Przenosi na mnie swoje niebieskie tęczówki. Widzę, jak przełyka ślinę, zanim powie cokolwiek. Wygląda na wystraszoną. Przekrzywiam głowę, czekając na wyjaśnienia. Jej nagła zmiana nastawienia lekko mnie dziwi.

– Alan tutaj jest.

Prostuję się instynktownie. Teraz to ja jestem przerażona. Szukam go w tłumie, jednak po chwili stwierdzam, że przecież mnie to nie obchodzi. Ten człowiek już nie powinien dla mnie istnieć.
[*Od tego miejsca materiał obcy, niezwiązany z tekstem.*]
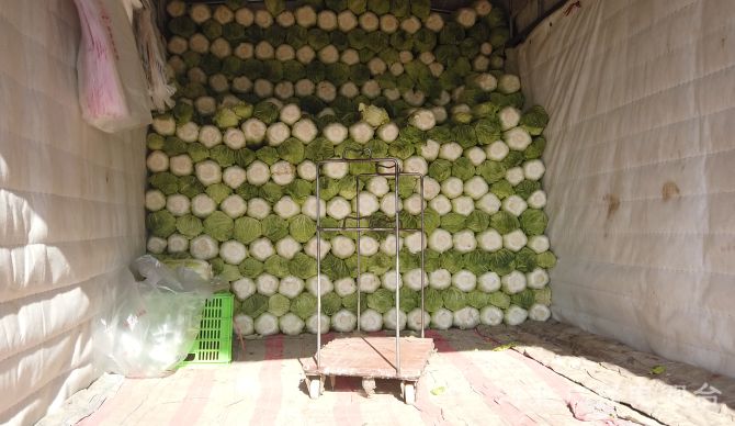 又一車白菜,到場不多時(shí)就被采購空了多半個(gè)車廂。
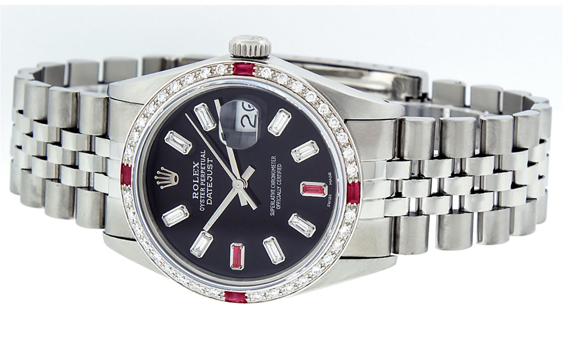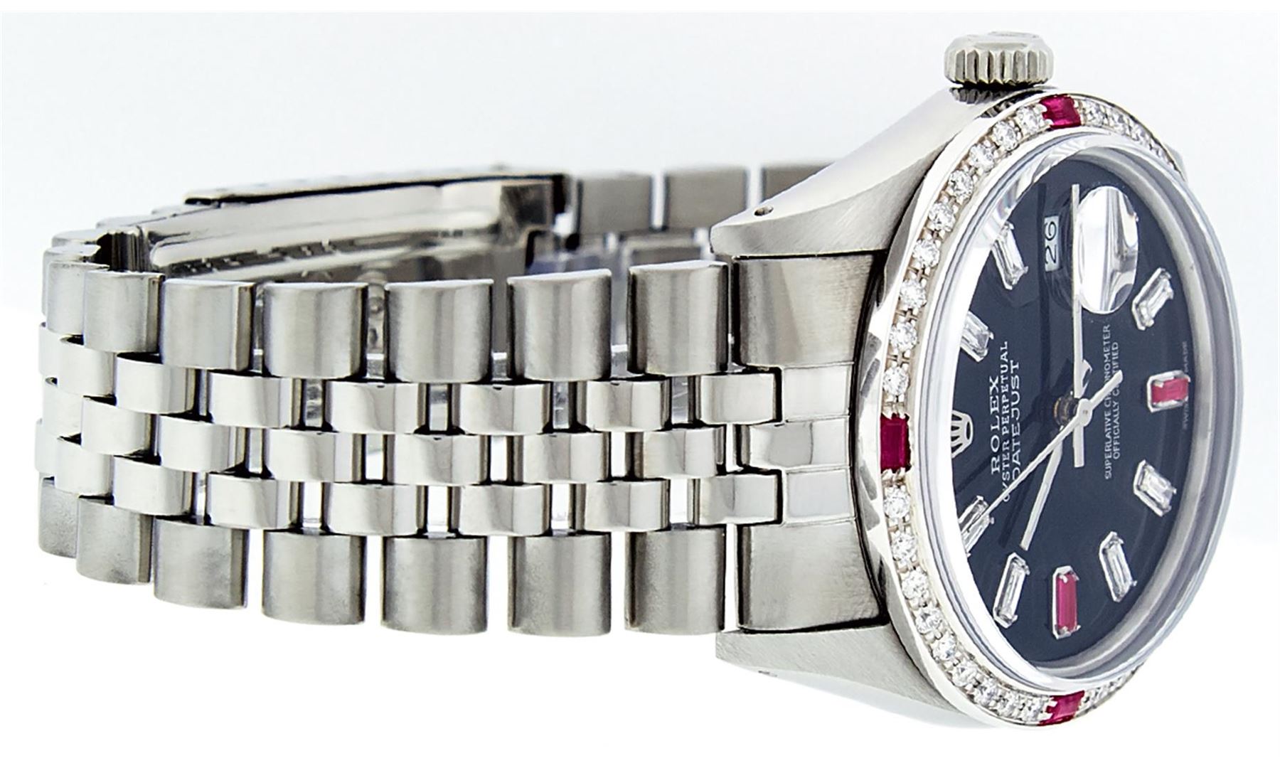 One Gents Rolex Datejust Polished, Serviced & Electronically Tested, Stainless Steel Case:36mm, Stainless Steel Crown, Custom Bezel: 18K White Gold Ruby Beadset Diamond Bezel, Diamond + Gem Count: 36 Diamonds + 4 Rubies, Total Weight 1.00 Carat, Clarity: SI-VS, Color: G to H. Custom Crystal: Synthetic Sapphire Cyclops Lens. Movement: Automatic Winding Movement Caliber 3035. Custom Dial: Black Baguette + 2 Ruby Baguette Diamond Hour Markers,Diamond Count: 8 Diamond + 2 Ruby Baguette. G To H In Color, Clarity: SI-VS. Date Window: 3 O'Clock Position Date Display, Quickset, Model: Datejust. Condition: G-6 Extra Fine. Bracelet: Stainless Steel Jubilee Band. Bright Polish & Satin Finish. 6.5 Inch Length, Adjustable. Standard Clasp, With Rolex Logo
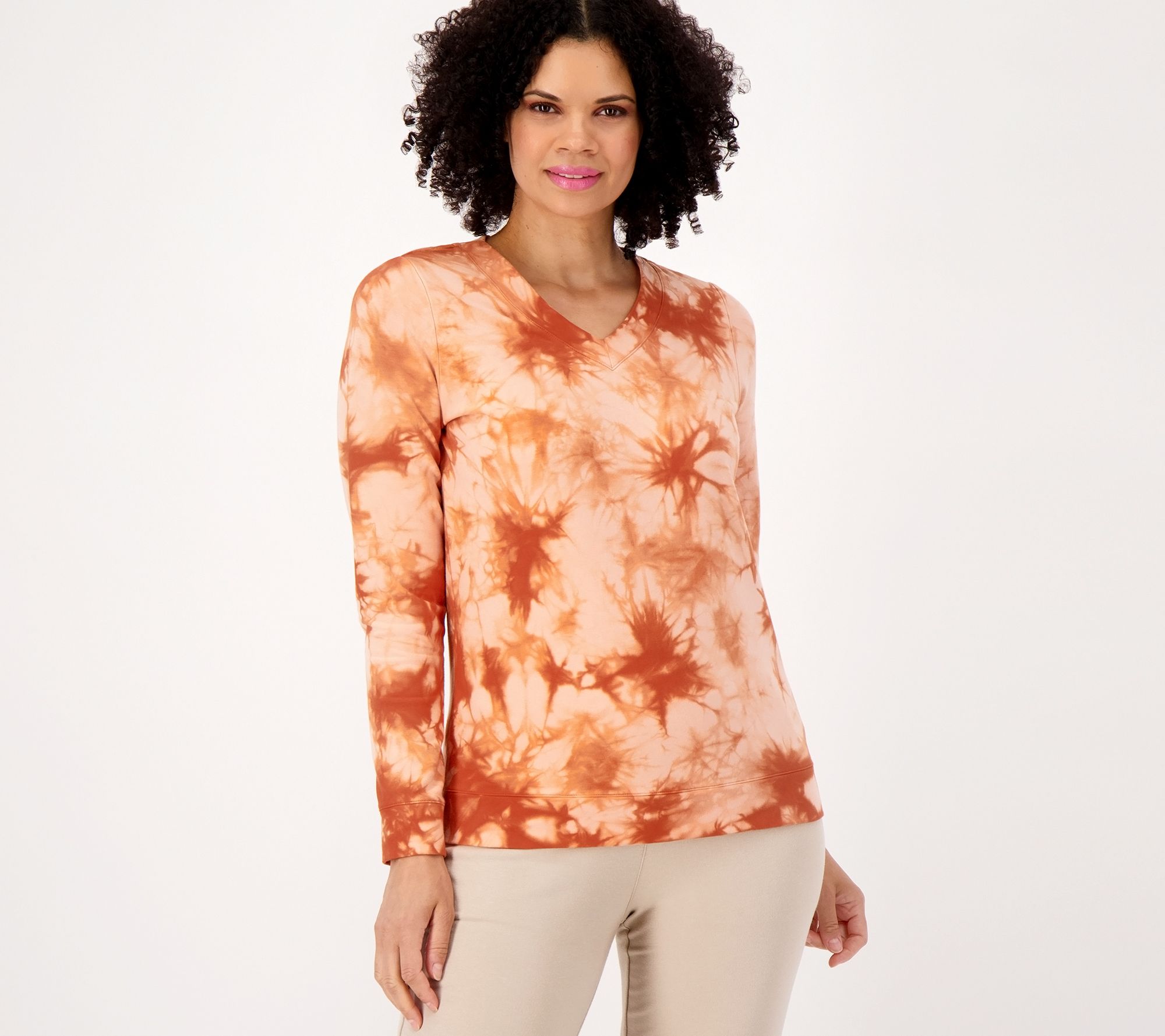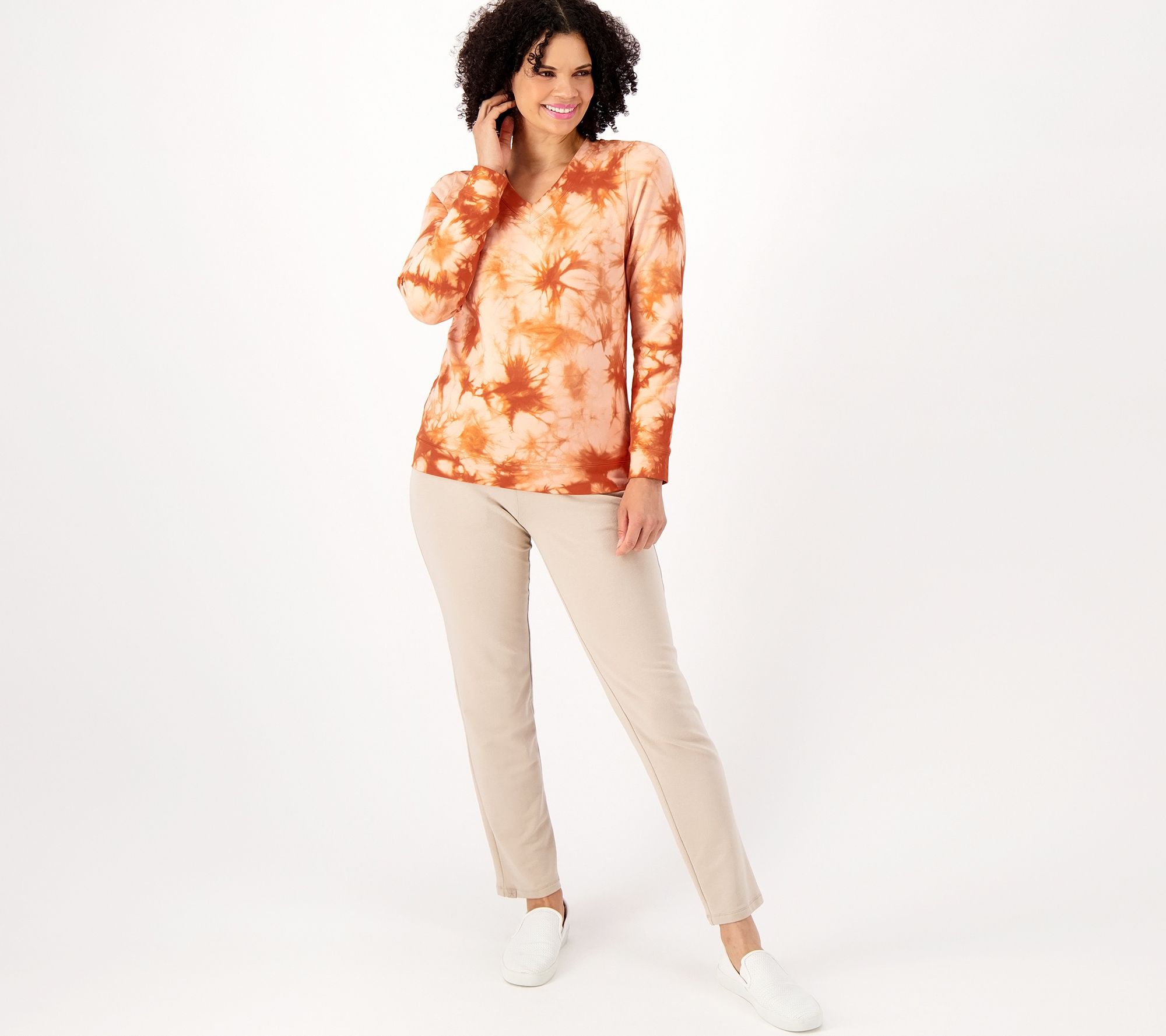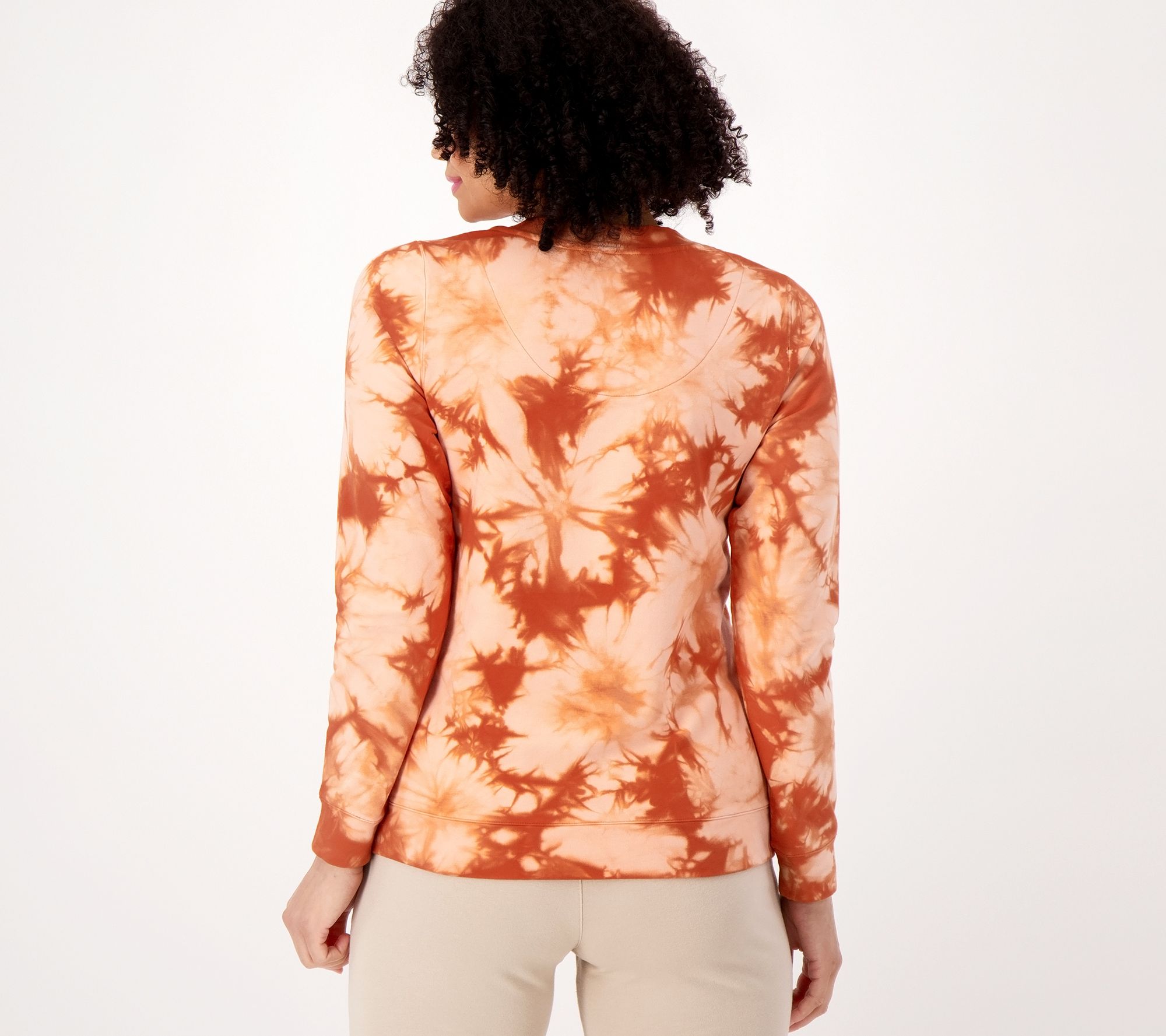 Searching for an easy way to wake up your closet? This printed French terry pullover does your wardrobe a solid simply by adding a fresh tie-dye design to any basic bottom (so you can feel those summer vibes all year round). From Denim & Co.® Fashions.

– Jesteś pewna? – dopytuję, mając nadzieję, że jest w błędzie.

Jeszcze jego mi tutaj brakowało. A tak dobrze mi szło, aby pogodzić się z naszym rozstaniem. Nie mogę żyć przeszłością. Jeśli się spotkamy, muszę być gotowa, by się przywitać – z czystej uprzejmości i honoru. Nie żywię urazy, że nam nie wyszło. Najwidoczniej tak musiało być i życie ma wobec nas inne plany.